Frequently asked questions
What is the difference between browser cache and server-side cache?
The browser cache sits on your visitor's device and stores static files so that a return visit loads faster. The server-side cache sits on the server and stores, for example, the built HTML page or compiled PHP code, so the server has to do less work. They work together: both make sure that less has to be done again.
Do I have to set up caching by hand, or does a plugin do that?
Either works. On any site, you can set up browser caching and compression yourself via .htaccess. If you use WordPress, a cache plugin such as WP Super Cache or W3 Total Cache can arrange this for you, plus page caching. In that case, go with the plugin and leave out the manual rules to avoid doing the work twice.
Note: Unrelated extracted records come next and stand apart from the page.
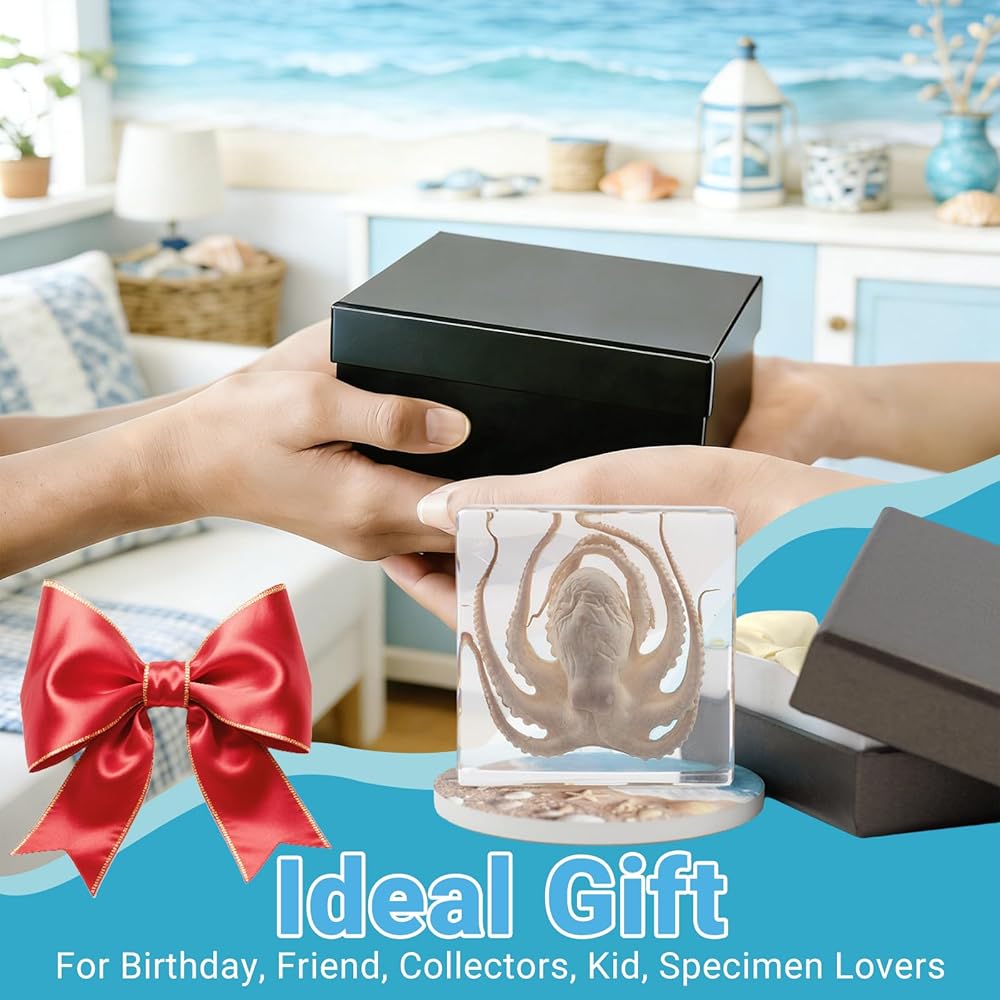 Ideal Gift: This octopus specimen is a perfect marine-themed gift for friends, family, or enthusiasts of taxidermy, marine biology, or oddities. It stands out as a memorable gift blending marine biological allure with whimsical charm, a standout addition to any collection and a charming conversation starter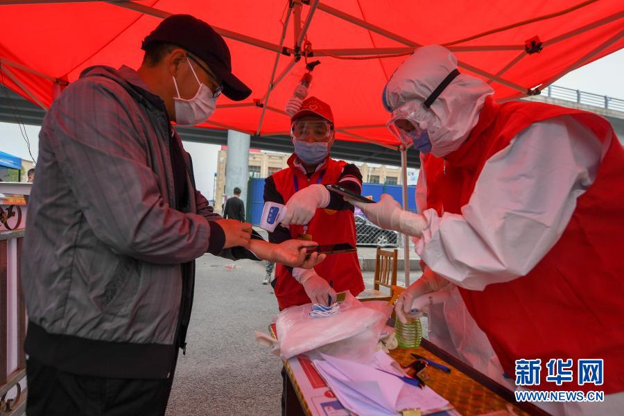 在吉林省舒蘭市弘林家園防疫卡點,青年志愿者為居民測溫登記(5月14日攝)。新華社記者 張楠 攝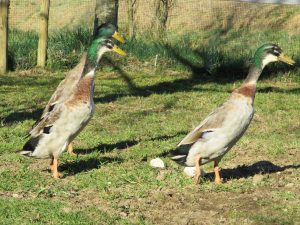 Die vier Laufenten Donald, Tick, Trick und Track haben Ende Oktober bei uns Einzug gehalten. Gerade mal einjährig sollten sie bereits auf der weihnächtlichen Festtafel landen, konnten glücklicherweise aber kurz vor der Schlachtung gerettet werden.
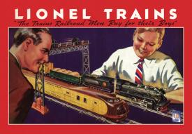 TD-749 Lionel Trains tin sign. Collector metal signs. A collection of yesterday's signs. Great for decorating homes, offices, restaurants, etc. Lithographed steel metal. Mounted on a black 20" x 16" card.

What is the difference between GZIP and Brotli?
They are two ways of compressing text files. Brotli is newer and usually makes text 15 to 20 per cent smaller than GZIP. You can enable both. The browser indicates which methods it can handle and the server picks the best one they both support, with GZIP as a fallback.
Why is my website still slow after caching?
Caching is a big part of the solution, but not all of it. Often the page still has images that are too heavy, is missing compression, is running an old PHP version, or is slowed down by too many plugins and external scripts. Go through the table above and measure again after every change.
Is OPcache the same as a cache plugin?
No. OPcache works at server level and stores the compiled PHP code, so PHP itself runs faster. A cache plugin works inside WordPress and mainly stores the built pages. They complement each other: for the best result, you use both.
How do I measure whether my website has become faster?
Run a test with PageSpeed Insights and GTmetrix before and after your changes and compare the scores. Pay particular attention to the Core Web Vitals (LCP, INP and CLS) and to the total load time. Test a page a few times, because the first measurement after a change may not yet reflect caching.